Hi i'm new to this but i have something going on on my computer i dont understand???This morning i woke up turned my internet on and went to the page i wanter to go on. It allowed me to do so but then when i try to click the next page button it wont allow me to.It looks as if it works but then does'nt.when i scroll the mouse over the next page button on the bottom of my screen it says "javascript_dopostback" I dont know much about coputers my internet was working fine last night now its doing this.What can i do?


----------



## MMJ (Oct 15, 2006)

Got a link?


----------



## namenotfound (Apr 30, 2005)

Seems like maybe you have JavaScript turned off in your browser. However, we can't really help unless we know the webpage you were trying to view


----------



## profi777 (Aug 4, 2007)

The most popular reason of it - is DISABLES javascript in your browser.But js function look like that asp.net was generated her and reason may be in expiried session
But for more information write URL of page


----------



## Jolene strain (Aug 1, 2007)

namenotfound said:


> Seems like maybe you have JavaScript turned off in your browser. However, we can't really help unless we know the webpage you were trying to view


How would i turn javascript back on in my browser?? It happens when i check my e-mail and when i go on myspace i can't click the logout or the nextpage buttons.


----------



## profi777 (Aug 4, 2007)

What's type of browser?


----------



## Jolene strain (Aug 1, 2007)

Ummm i'm not very good with computers yet but my homepage is msn.


----------



## MMJ (Oct 15, 2006)

If you don't know what browser you are using the odds are that it is IE.
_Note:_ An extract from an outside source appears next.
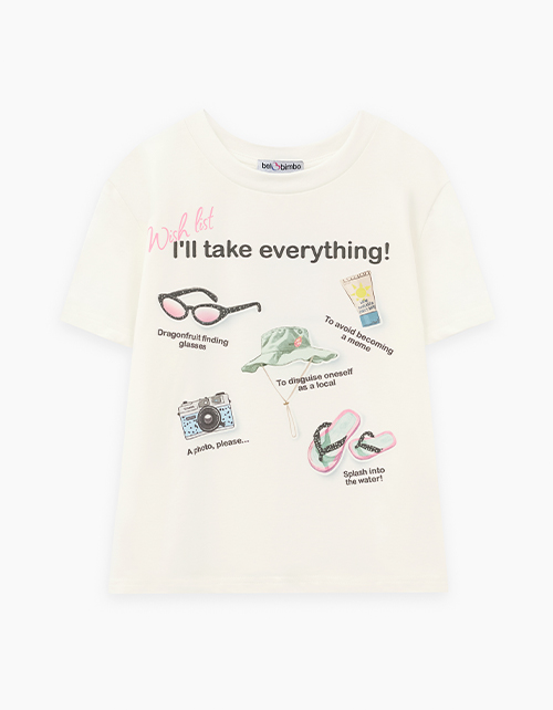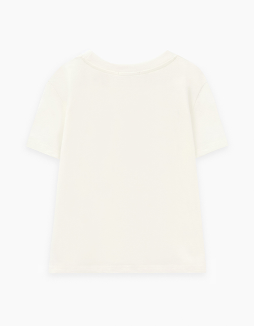 Футболка молочного цвета для девочки. Прямой силуэт обеспечивает комфорт. Короткий рукав и эластичная горловина из рибаны формируют аккуратную посадку. Цифровой принт дополнен термотрансферной плёнкой.

However - Please post the link to the site.


----------



## Jolene strain (Aug 1, 2007)

http://www.myspace.com/roymariebrown


----------



## MMJ (Oct 15, 2006)

Jolene strain said:


> http://www.myspace.com/roymariebrown


I don't see any "Next Page".

Personally I would get another browser such as Firefox or Opera .


----------



## Jolene strain (Aug 1, 2007)

would that fix the problem? Its not that i need to download a new java or anything? What does javascriptdopostback mean/


----------



## namenotfound (Apr 30, 2005)

Jolene strain said:


> http://www.myspace.com/roymariebrown


That's a nice picture


----------



## Jolene strain (Aug 1, 2007)

namenotfound said:


> That's a nice picture


Thank you well i'm trying to download http://www.firefox2008.cc/us/ but i ant because when i click my buttons they won't work!!i'm getting so mad!!How can i fix this stupid javascript!!


----------



## MMJ (Oct 15, 2006)

Download it from here: http://www.mozilla.com/en-US/firefox/


----------



## Jolene strain (Aug 1, 2007)

MMJ said:


> Download it from here: http://www.mozilla.com/en-US/firefox/


I'll try but when i click the download button it wont go through because the buttons won't work.


----------



## MMJ (Oct 15, 2006)

Use this:

http://ftp-mozilla.netscape.com/pub...2.0.0.6/win32/en-US/Firefox Setup 2.0.0.6.exe


----------



## Jolene strain (Aug 1, 2007)

ok i just downloaded it now what??


----------



## MMJ (Oct 15, 2006)

Open Firefox than navigate to that page. It should work.


----------